Namun begitu, semangat modernisme pemikiran filosofis sebagaimana yang terselebrasi di era renaisan di atas, memberi suatu noktah penting akan arti emansipasi dan liberasi nilai-nilai kemanusiaan. Bahwa bagaimanapun manusia mesti diberi ruang bebas dalam menemukan kebenaran. Karena kebenaran yang bertumpu pada dogmatisme potensial menyingkirkan harkat kemanusiaan sebagai subyek pelaku sejarah, alih-alih ia menjadi obyek sejarah.

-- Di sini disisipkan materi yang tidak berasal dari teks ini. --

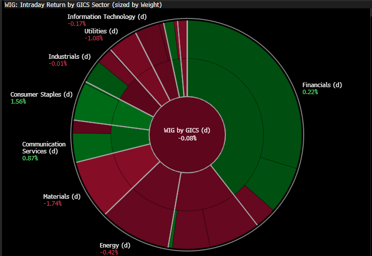 Na GPW trwa spokojna, lekko mieszana sesja, z przewagą konsolidacji i niewielką zmiennością. Na godzinę 11:00 szeroki indeks jest około 0,1% pod kreską, co sygnalizuje lekką przewagę podaży w ujęciu szerokiego rynku, ale bez wyraźnego załamania dotychczasowego trendu. WIG20 zyskuje 0,25%, pokazując neutralne, wyczekujące nastawienie inwestorów przy braku mocnego kierunku. Najlepiej w indeksie blue chipów radzą sobie Dino Polska oraz CD Projekt, które zyskują odpowiednio około 2,5% oraz 1,7%. Na drugim biegunie mamy KGHM tracący w tym momencie blisko 2,5% oraz CCC dla której jest to kolejna spadkowa sesja. Słabiej również zachowują się dziś średnie i małe spółki: mWIG40 traci około 0,4%., a sWIG80 spada o około 0,2%

Sejarah munculnya renaisans di Barat memahamkan kita bahwa sejarah manusia akan selalu menjadi sejarah tentang diri yang akan terus mencari bentuknya di alam kenyataan sesuai tantangan ruang dan waktu. Karenanya pula, segala jenis gagasan filosofis pada akhirnya akan ditantang untuk membuktikan kontribusinya pada kemanusiaan di hadapan sejarah.